What is difficult here is that such disinformation isn’t always entirely true or false; it often takes details out of context and shares unverifiable narratives that capture the imagination of far-right supporters – the nebulous threat of a ‘communist takeover’, which was the justification for the 1970s military takeover – still resonates with some in this group. There is often a top-to-bottom cascade of disinformation from leading politicians to the grassroots, but the opposite may also occur, where grassroots disinformation percolates to the top in a ‘reverse influence’ process.

This project sought to explore these dynamics, and focussed on three case studies: visual disinformation on social media (especially posts with images on Facebook); calls for a military coup by elected representatives (focussing on tweets from their accounts here); and in-depth interviews with Brazilian fact-checkers working in these contexts.

Visual disinformation on Facebook was often top-down influence material, but some bottom-up disinformation was also evident. A post calling Lula a thief and featuring this in braille as well moved from fringe actors to versions shared by major political actors, for instance. Such generic statements are not technically disinformation as it cannot be easily verified, of course. Tweets by politicians calling for a military coup are shaped by a collective identity and imagination: they connect disinformation narratives with anti-government messaging. Fact-checkers struggle with all this.
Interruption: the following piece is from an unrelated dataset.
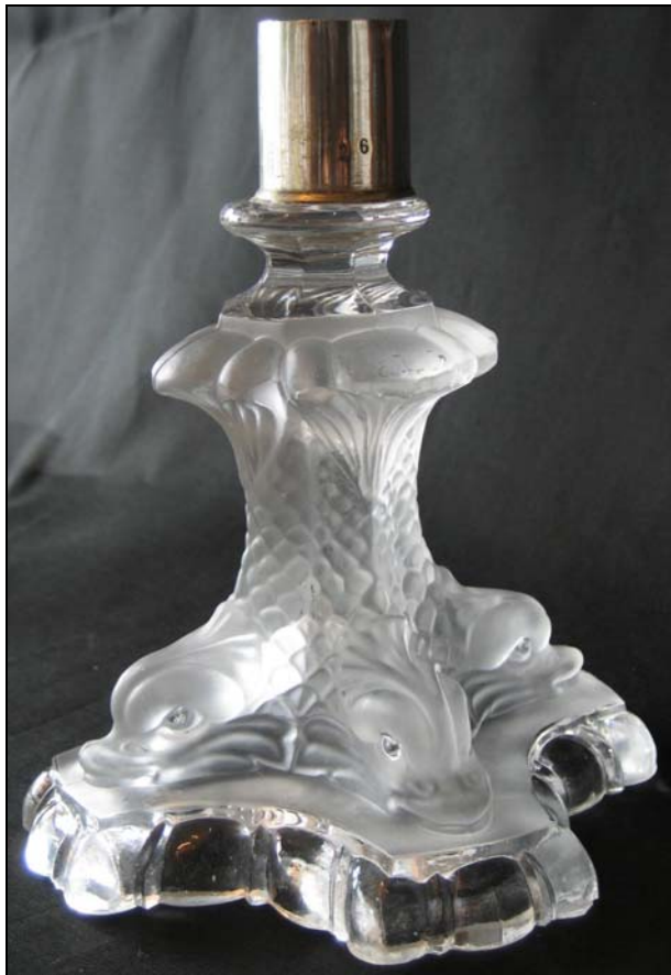
Abb. 2012-2/20-11 Leuchter mit 4 Delphinen aus gepresstem Bleikristallglas, teilweise mattiert H x B x L 12,5 x 9,7 x 9,7 cm, Gewicht 470g Sammlung Vogt PV-296' Marke „S T . LOUIS DÉPOSÉ“ St. Louis, letztes Viertel 19. Jhd. (wegen der Marke) vgl. MB St. Louis 1904, Planche 107, No. 1782

Bekannt bei Sammlern von französischem Pressglas, z.B. von Baccarat oder St. Louis, sind besonders die eingepressten Marken „ S T . LOUIS DÉPOSÉ “, „ CHOISY-LE-ROI DÉPOSÉ “ und „ SÈVRES DÉPOSÉ “. Die Cristallerie de Saint-Louis lag ab 1871 im deutsch annektierten Bereich von Lothringen im Ort Münzthal, galt also im Deutschen Reich als

Reverse influence operations are therefore also in evidence, and this represents a form of participatory disinformation. It involves shared imaginaries and beliefs, and creates a blur between straightforward disinformation and collective narratives directed against opponent groups. This is a challenge for the study of disinformation as well as for fact-checkers, and feeds on institutional distrust in political parties and institutions as well as in electoral institutions.